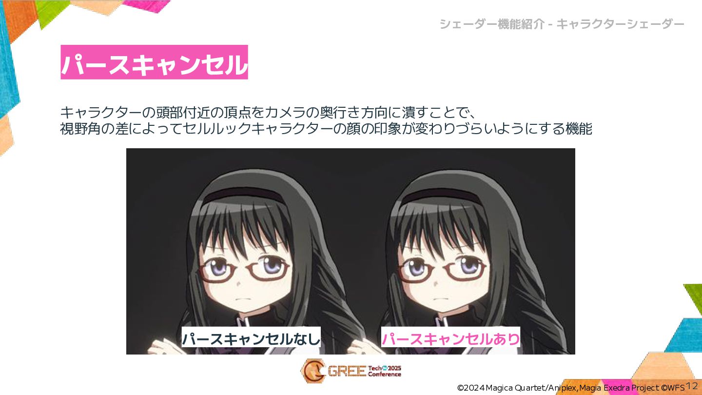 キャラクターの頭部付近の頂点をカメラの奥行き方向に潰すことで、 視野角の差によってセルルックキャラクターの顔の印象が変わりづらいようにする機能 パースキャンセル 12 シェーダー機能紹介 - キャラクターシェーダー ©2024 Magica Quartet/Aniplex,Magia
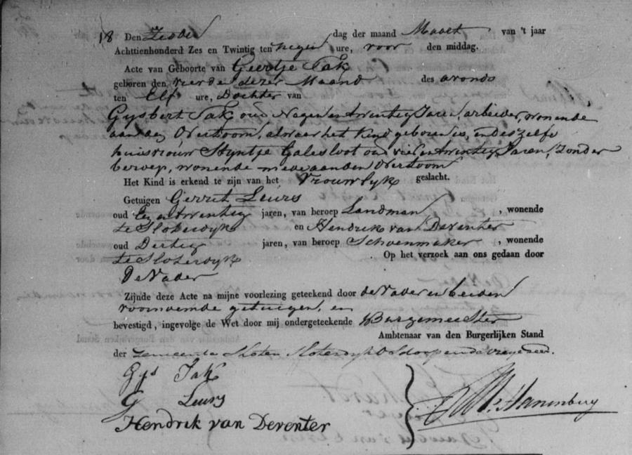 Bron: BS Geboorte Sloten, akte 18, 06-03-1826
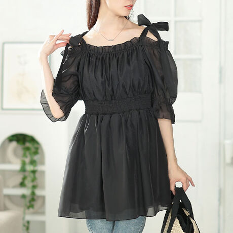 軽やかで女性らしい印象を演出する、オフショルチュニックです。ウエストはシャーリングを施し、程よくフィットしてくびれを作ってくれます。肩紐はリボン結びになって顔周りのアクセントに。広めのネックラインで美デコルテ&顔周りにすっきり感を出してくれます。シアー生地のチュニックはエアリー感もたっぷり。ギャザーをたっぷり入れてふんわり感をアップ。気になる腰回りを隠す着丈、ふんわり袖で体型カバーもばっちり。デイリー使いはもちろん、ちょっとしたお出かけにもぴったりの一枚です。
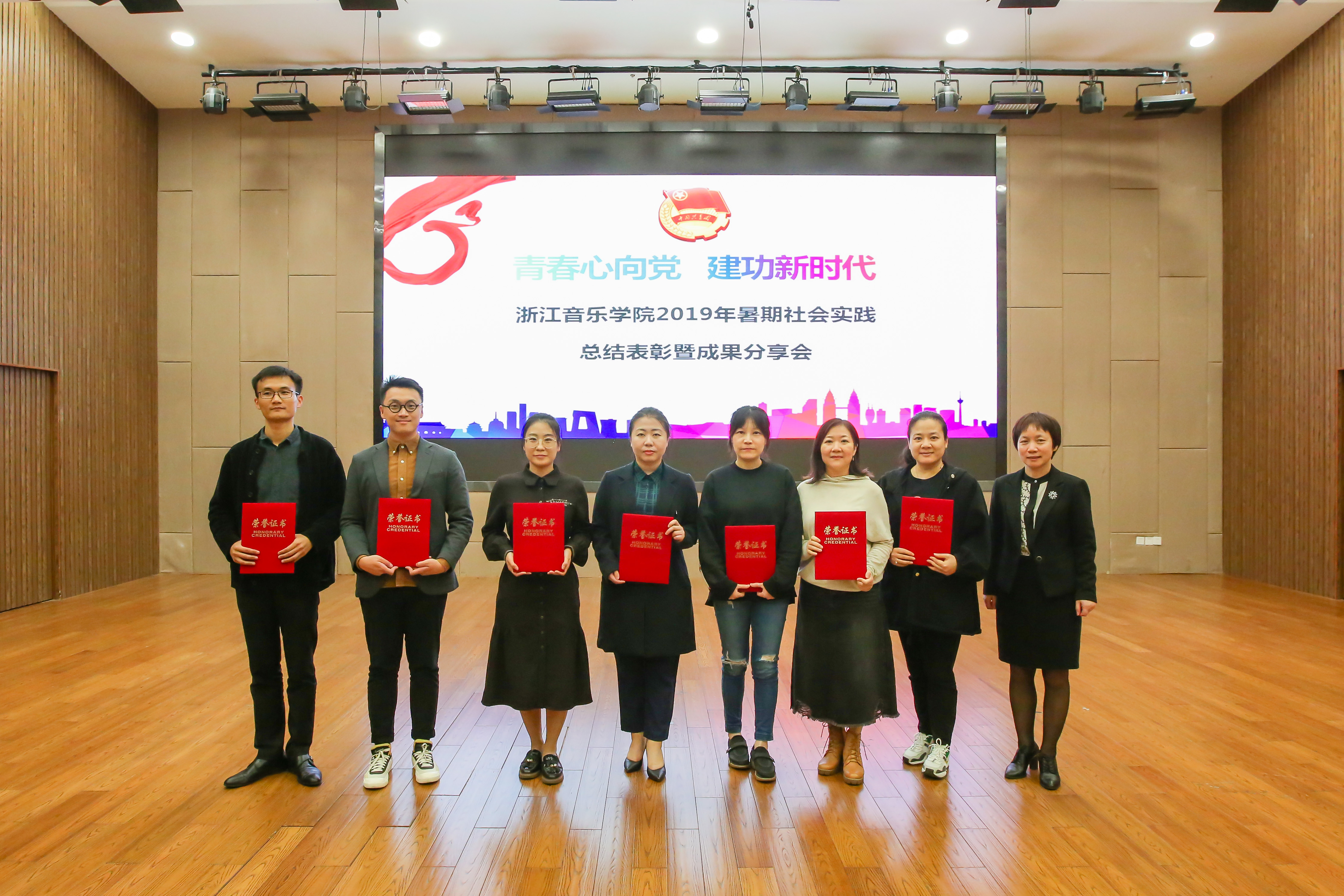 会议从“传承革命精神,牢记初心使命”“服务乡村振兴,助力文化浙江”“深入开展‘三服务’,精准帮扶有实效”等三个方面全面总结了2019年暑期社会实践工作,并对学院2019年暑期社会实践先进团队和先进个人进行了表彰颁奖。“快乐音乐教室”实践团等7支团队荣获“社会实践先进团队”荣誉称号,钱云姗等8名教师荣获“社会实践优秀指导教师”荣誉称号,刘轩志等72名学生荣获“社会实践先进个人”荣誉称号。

— Task brief —
In the listing above, find the line containing "Bron: BS Geboorte" and the line containing "軽やかで女性らしい印象を演出", then return both of them and every line between, exactly, without pictures.

— Result of the exercise —
 Bron: BS Geboorte Sloten, akte 18, 06-03-1826
 軽やかで女性らしい印象を演出する、オフショルチュニックです。ウエストはシャーリングを施し、程よくフィットしてくびれを作ってくれます。肩紐はリボン結びになって顔周りのアクセントに。広めのネックラインで美デコルテ&顔周りにすっきり感を出してくれます。シアー生地のチュニックはエアリー感もたっぷり。ギャザーをたっぷり入れてふんわり感をアップ。気になる腰回りを隠す着丈、ふんわり袖で体型カバーもばっちり。デイリー使いはもちろん、ちょっとしたお出かけにもぴったりの一枚です。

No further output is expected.